Like i hinted, Dairy isn't all farming.

Subsidies for farmers are still very much alive and kicking, Reeves has not altered any of them, they are the same ones the Tories introduced "Public good" instead of acreage/production.

So much for food supply?

I suppose to be fair SFI and CS grants counld
be considered subsidies but they aren’t money for nothing anymore in the traditional sense of a farming subsidy.

louddumpernoise · 20/11/2024 08:39

WhitegreeNcandle · 20/11/2024 08:31

I suppose to be fair SFI and CS grants counld
be considered subsidies but they aren’t money for nothing anymore in the traditional sense of a farming subsidy.

Its still £ billions for not doing very much at all.

Maybe if they don't want to pay IHT, perhaps a trade off would be the gradual removal of these payments?

Which has worked very well in other parts of the world

Chocso · 20/11/2024 08:46

louddumpernoise · 20/11/2024 07:16

So the Farmer near me who a few weeks ago boasted of making over 300k pre tax profit from his Dairy herd is lying?

Net profit on milk is over 1p per litre a 200 cow herd - about average size - would produce an around of 1.6m litres per year, a net pre tax profit of at least £160k...

Not saying ALL farmers make a fortune and prices fluctuate too but it should also be remembered that Farmers get subsidies that no other businesses get, its £ billions per year.

However, Reeves plans don't take into account that the very rich can still buy up farms and woodland and still get a massive IHT break.

I think she should go back to the drawing board and come up with a plan that removes tax breaks for the v wealthy buying up land.

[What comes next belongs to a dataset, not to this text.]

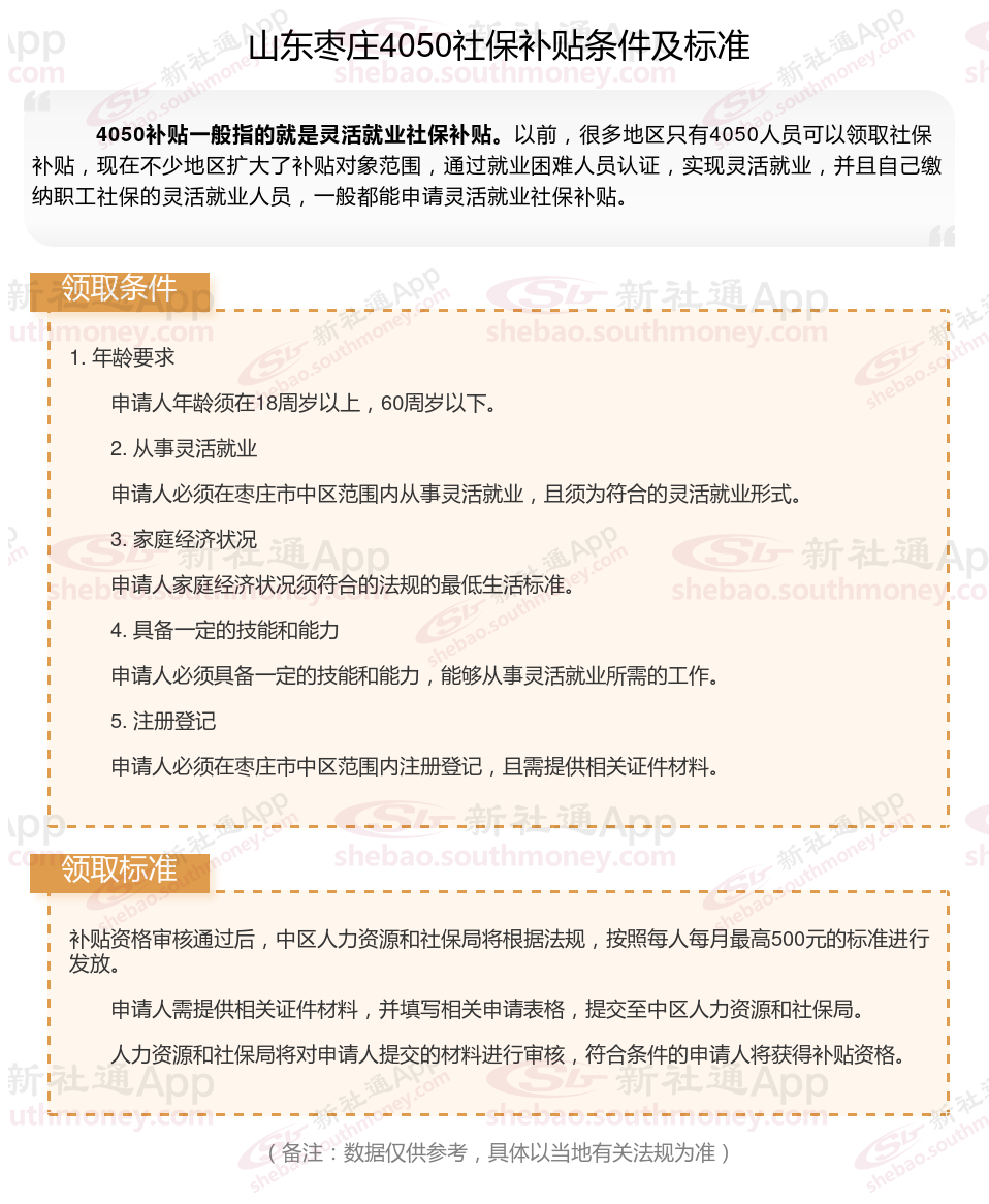 山东枣庄补贴多少钱一个月?山东枣庄灵活就业4050补贴标准: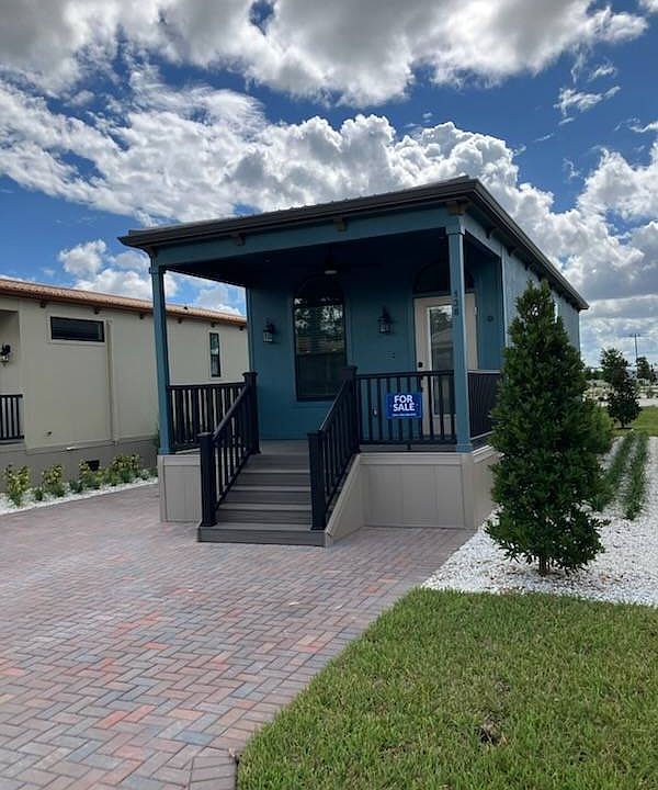 Escape to the brand NEW 2025 2 Bedroom, 1 Bath Resort Cottage Home, a true gem designed for comfort and modern living. This exceptional residence boasts a bright floor plan, meticulously crafted to maximize space and natural light. The contemporary bathroom features a luxurious glass-enclosed shower and an LED lighted mirror, adding a touch of elegance and functionality. For your convenience, a stacked washer and dryer are seamlessly integrated into the unit, making everyday chores a breeze. Step outside and enjoy the inviting 8' covered front porch, an ideal space for morning coffee, evening relaxation, or entertaining guests in style. The heart of this home, the kitchen, is a chef's delight, equipped with energy-efficient stainless steel appliances that blend seamlessly with the sophisticated design. Gleaming quartz counters provide ample workspace, complementing the soft-close cabinets that offer both aesthetic appeal and practical storage. A deep stainless sink adds to the kitchen's functionality and modern flair. This stunning cottage is nestled within the Resort, an exclusive 55+ gated community that redefines active adult living. The Cottage Resort offers an unbeatable combination of affordability, accessibility, and adventure, promising a lifestyle of leisure and enjoyment. Perfectly situated in North Port, Florida, residents will discover a vibrant locale offering incredible shopping destinations and a diverse array of fine restaurants to satisfy every palate. For those seeking outdoor thrills and sun-drenched days, thrilling adventures and pristine beaches are just a short, convenient drive away. Life at our Cottage Resort is designed for ease and enjoyment. Site fees include covering essential services such as trash removal and meticulous lawn care, ensuring a pristine environment without the hassle. Furthermore, residents gain full access to an impressive array of amenities designed to enhance their lifestyle. Dive into the refreshing waters of the heated saltwater pool, unwind in the soothing spa, or host delightful gatherings at the well-appointed grilling area. We understand that pets are family too, which is why our Cottage Resort is proudly pet-friendly, welcoming your beloved companions to share in the good life. Don't let this extraordinary opportunity slip away! Whether you dream of escaping the harsh winter snows or envision year-round coastal living, this resort cottage offers the perfect sanctuary. Schedule your personal tour today and embark on a journey to discover your perfect coastal retreat, where every day feels like a vacation.

I don't mind as long as the return on that subsidy is greater

marmaladeandpeanutbutter · 20/11/2024 08:48

BeensOnToost · 20/11/2024 08:11

I dont agree with inheritance tax generally but rather selfishly I can't help thinking that if Labour back down, they need to find a way to raise the money they were expecting from this so who will fund that black hole? Will we all be taxed more? Or will services be cut?

Traditionally it's working people who front the black holes, isn't it, one way or another. We've got used to the Tories, who always did.

I see that the supermarkets are also wailing this morning. Well, how about lower profits, instead of scaremongering about job cuts? That's a thought!